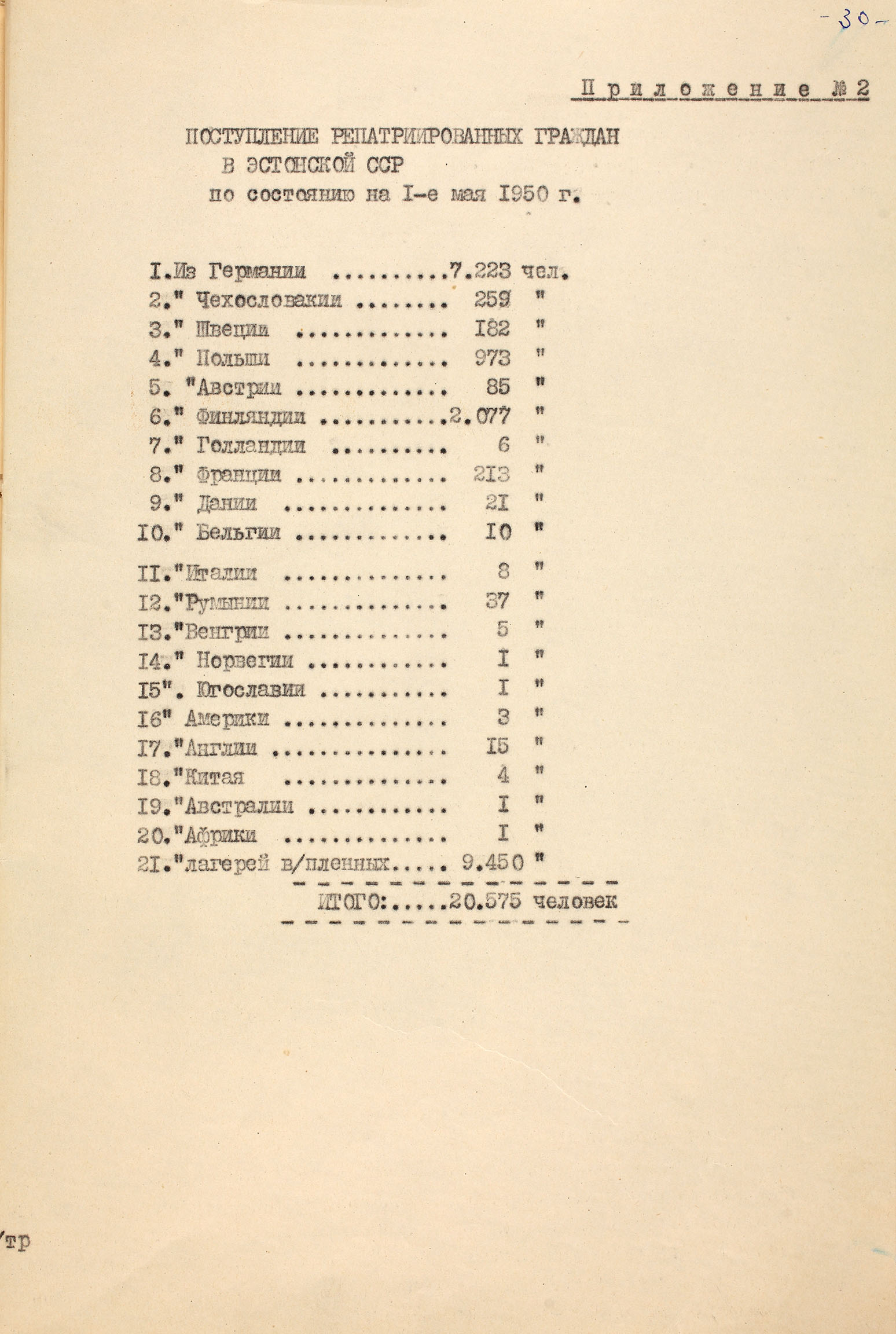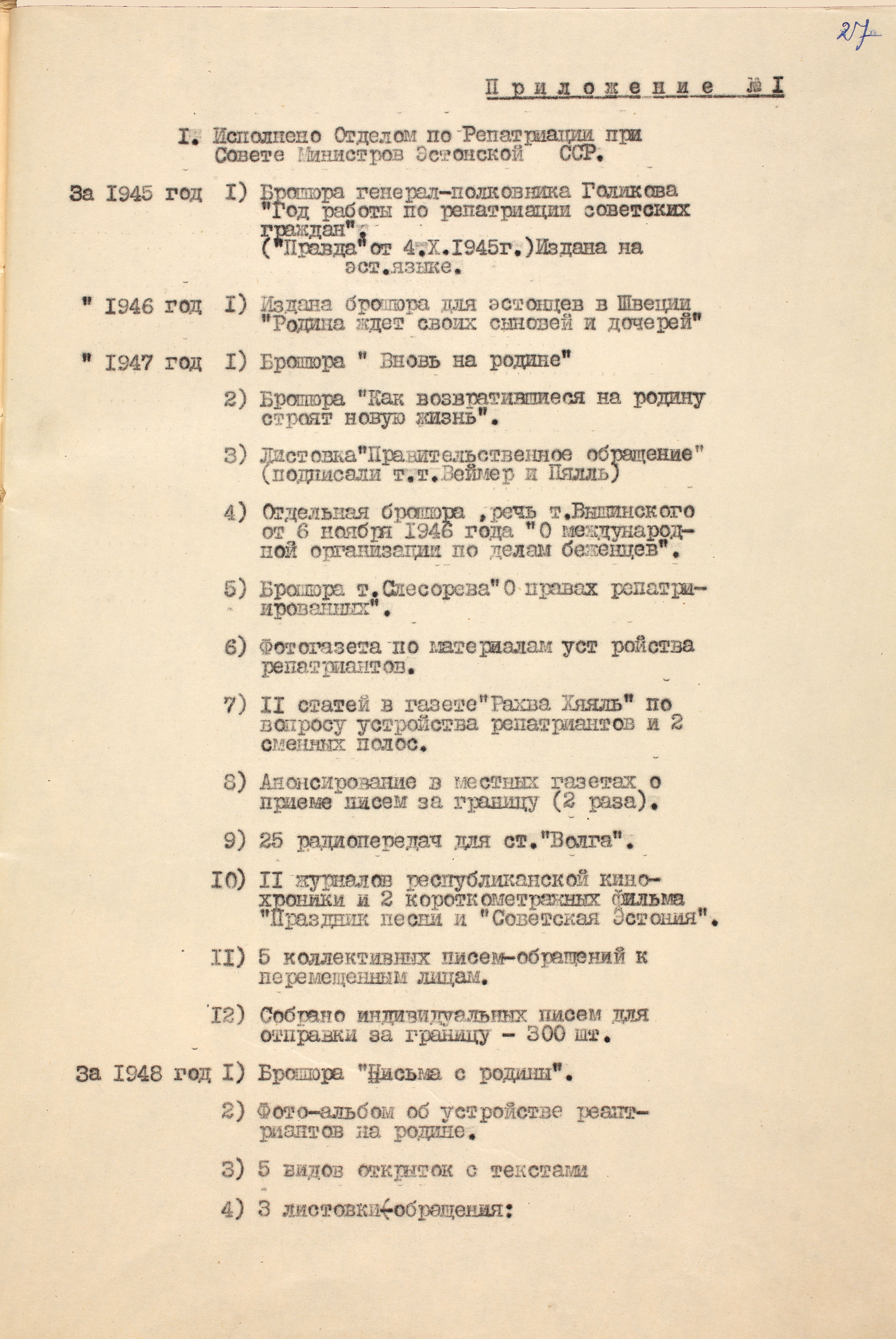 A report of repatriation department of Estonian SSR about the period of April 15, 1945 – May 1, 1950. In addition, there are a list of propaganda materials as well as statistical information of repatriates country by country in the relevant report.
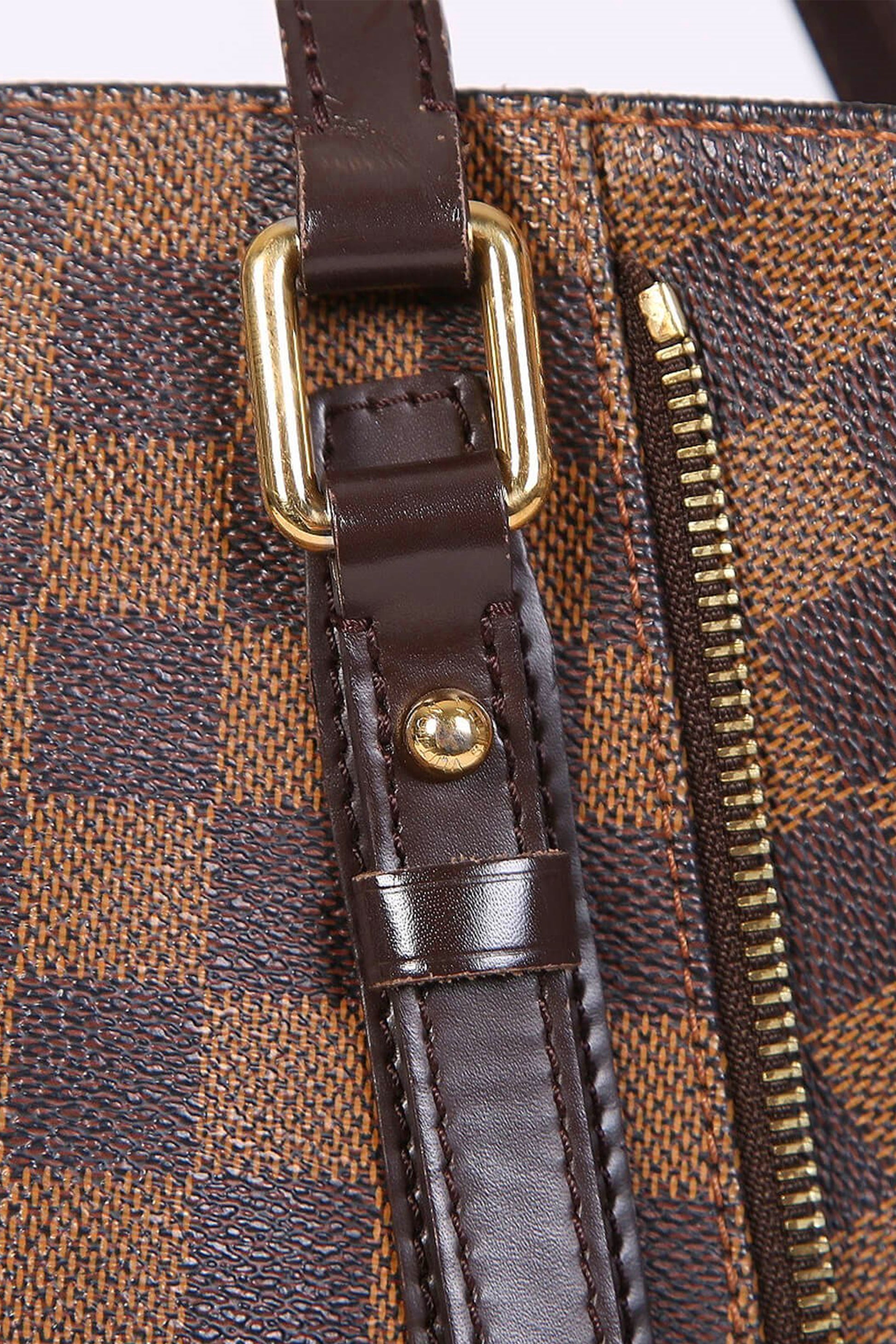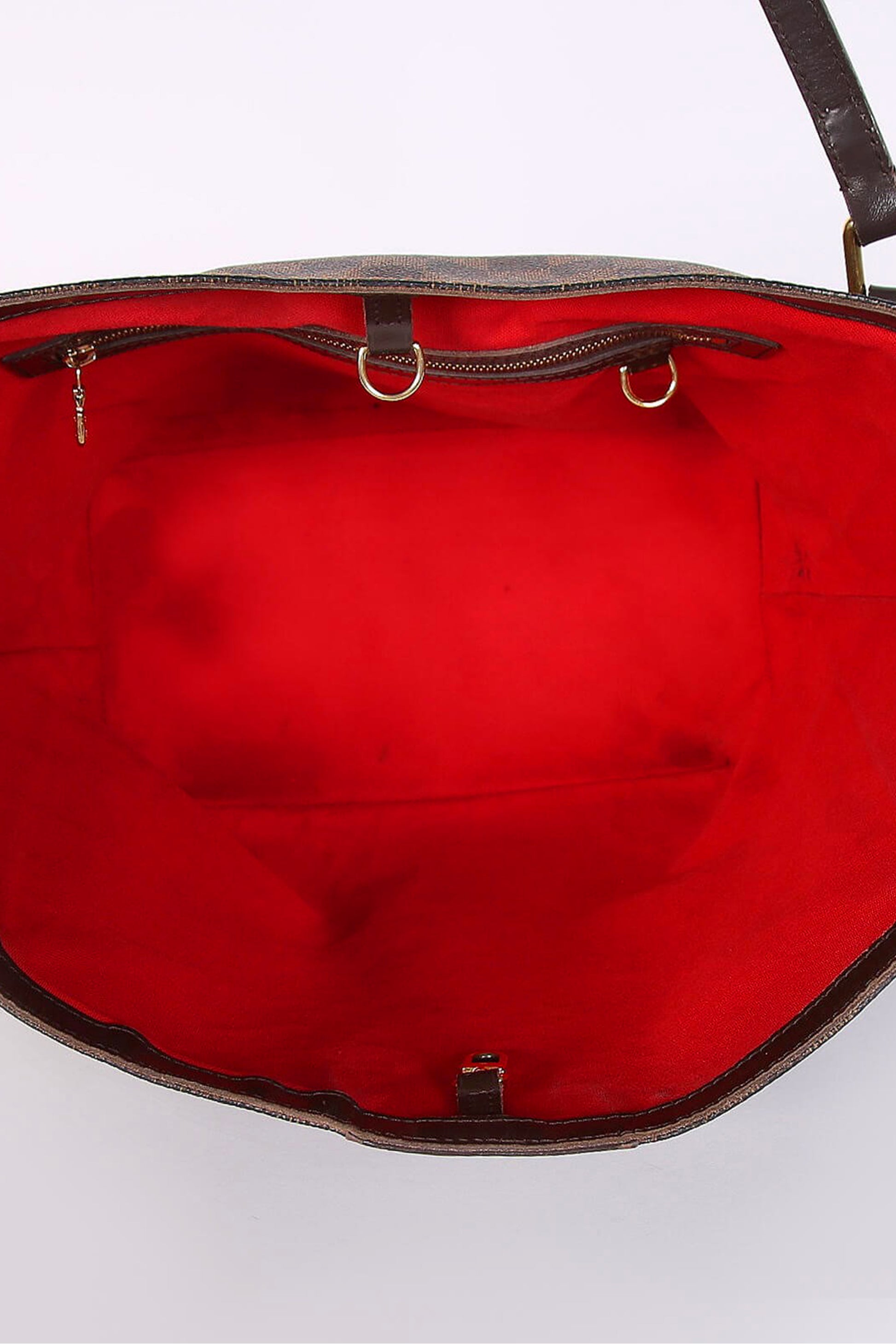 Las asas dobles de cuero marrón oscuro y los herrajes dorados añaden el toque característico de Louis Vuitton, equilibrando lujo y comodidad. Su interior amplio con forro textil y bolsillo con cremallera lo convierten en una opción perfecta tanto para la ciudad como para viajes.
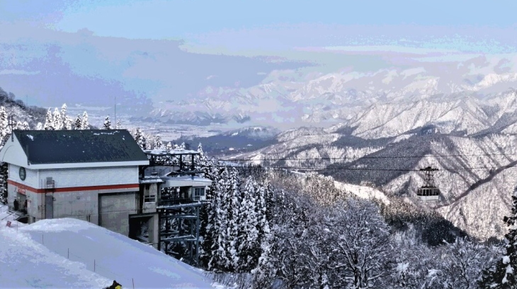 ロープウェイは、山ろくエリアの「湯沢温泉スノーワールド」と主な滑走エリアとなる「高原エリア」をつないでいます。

++++++++

AIM OF THE TASK
Transcribe the material as is, with images omitted.

RESULT OF THE TASK
 A report of repatriation department of Estonian SSR about the period of April 15, 1945 – May 1, 1950. In addition, there are a list of propaganda materials as well as statistical information of repatriates country by country in the relevant report.
 Las asas dobles de cuero marrón oscuro y los herrajes dorados añaden el toque característico de Louis Vuitton, equilibrando lujo y comodidad. Su interior amplio con forro textil y bolsillo con cremallera lo convierten en una opción perfecta tanto para la ciudad como para viajes.
 ロープウェイは、山ろくエリアの「湯沢温泉スノーワールド」と主な滑走エリアとなる「高原エリア」をつないでいます。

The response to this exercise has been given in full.